In contrast it is from the book that we are able to understand that experience is what we get when we don’t get what you want in life. We are made aware of this when Mr. Pausch was describing the strength and love he had for his wife, Jai. He says that she is the one who will be left to raise the three children to preschool-age (Pausch and Jeffrey, 130). As a matter of encouragement to the readers, he talked about how his cancer diagnosis had encouraged him and given him the time to have open and vital conversations with his wife. This he says would not have been possible if he still had a lot of time to live. Through all the encouragement he gave her, I believe made he cope with the fact and as he says, she was coping and was doing it without the attention and even adulation that surrounded the last days of his life. This cannot be so in the daily life of an individual surrounded by such obstacles. In this situation, weak individuals would have circum to sever stress or any other disease that would come as an emotional outburst.
The reality and power expressed in the book, gives us a lot to think about in what we want to prioritize in our lives. It directs what we might say to the people we love when we know that we are going to leave them behind. It arouses the desire to want to kiss your friends or your parents and call relatives too because he sums that "All you have is what you bring with you" (Pausch and Jeffrey, 159).

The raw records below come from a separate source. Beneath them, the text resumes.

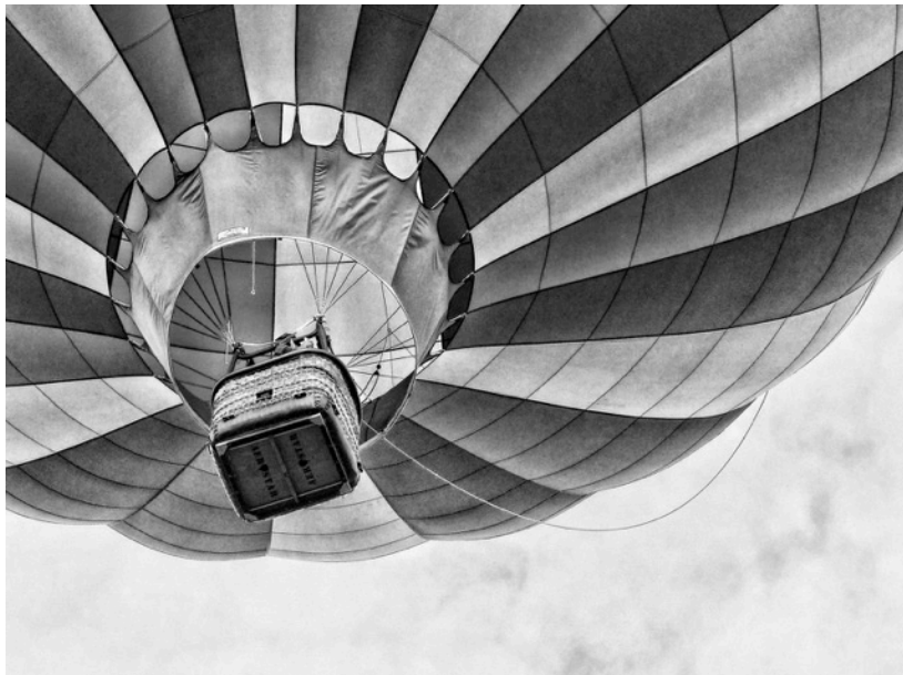
Monochrome Digital 3rd place by Liz High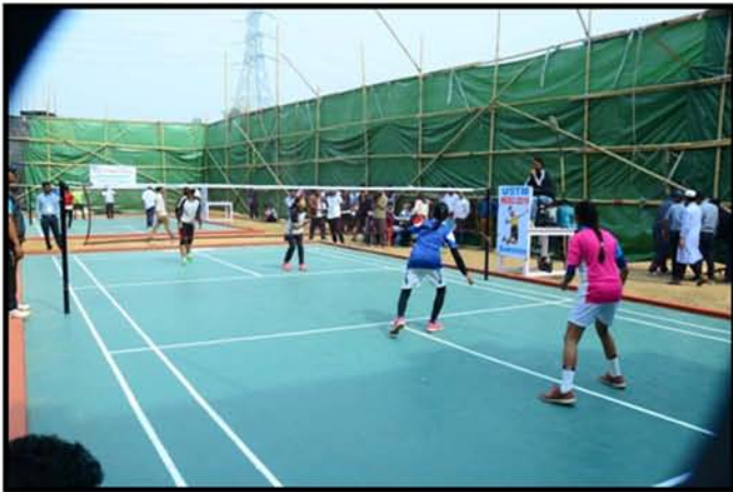
NEGC 2019, Badminton Competition (Women)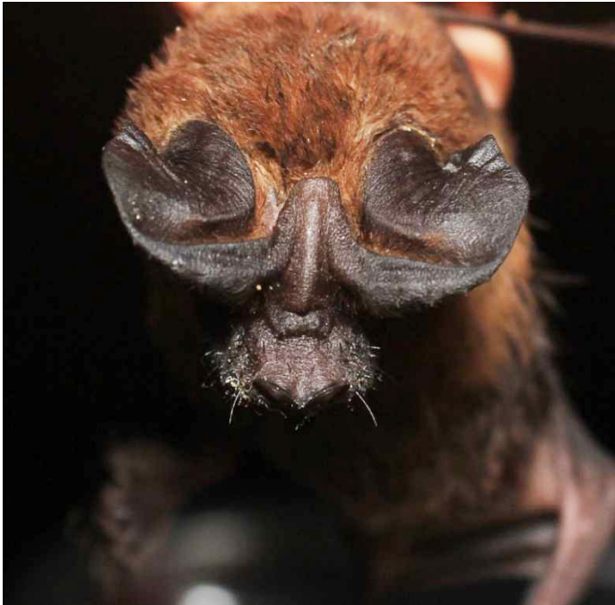
Figure 3 Pouched at the back of Chaerephon johorensis .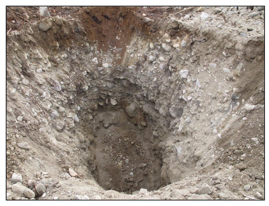
Test Pit 11-13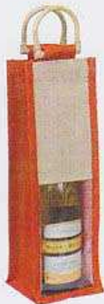
Style# 11004 Size: 14"x4"x4"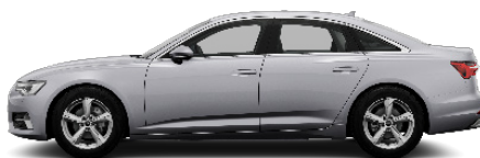
Floret Silver L5L5 Metallic €1,462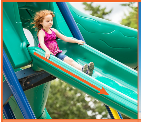
Linear motion Movement in a straight line in any one direction.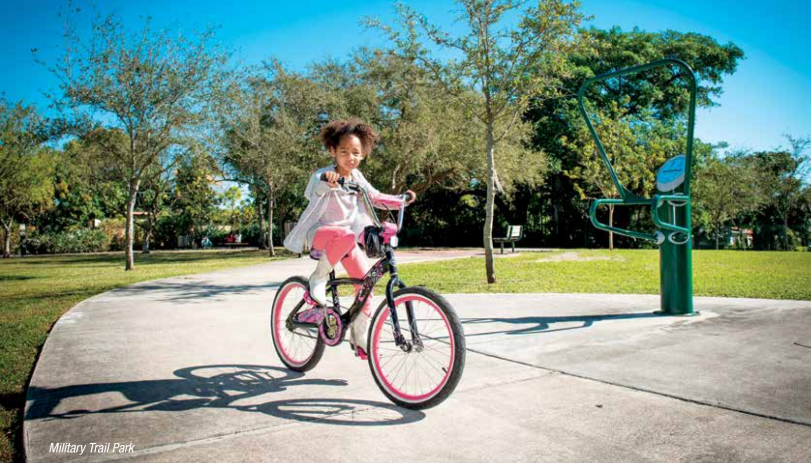
Military Trail Park

make a dream into a reality. Parks create a deep sense of community while protecting our natural environment,” Lorenzo declared.

Finally, to enable the message reach the audience, we are able to see that throughout the lecture, professor Pausch remained very upbeat, he was charismatic and the nerdy persona he displayed was infectious. Fro the book, as we read, we can’t help but we consider and ponder what we would when faced with such circumstances if we know we have only months to live. With good communication and savvy and personality, he avoids very reserved, sombre tone for this speech since it would treat every word as if it were a matter of life or death. This method would have drawn more attention to his condition rather than the core message and that is why everyone who listens to the message is left with the desire to change. Even though he was being personal to some extend and the entire speech having a content with personal lessons learned through life illuminated through personal stories, Randy had a way to tell the stories while still creating some distance and remaining somewhat clinical (Randy).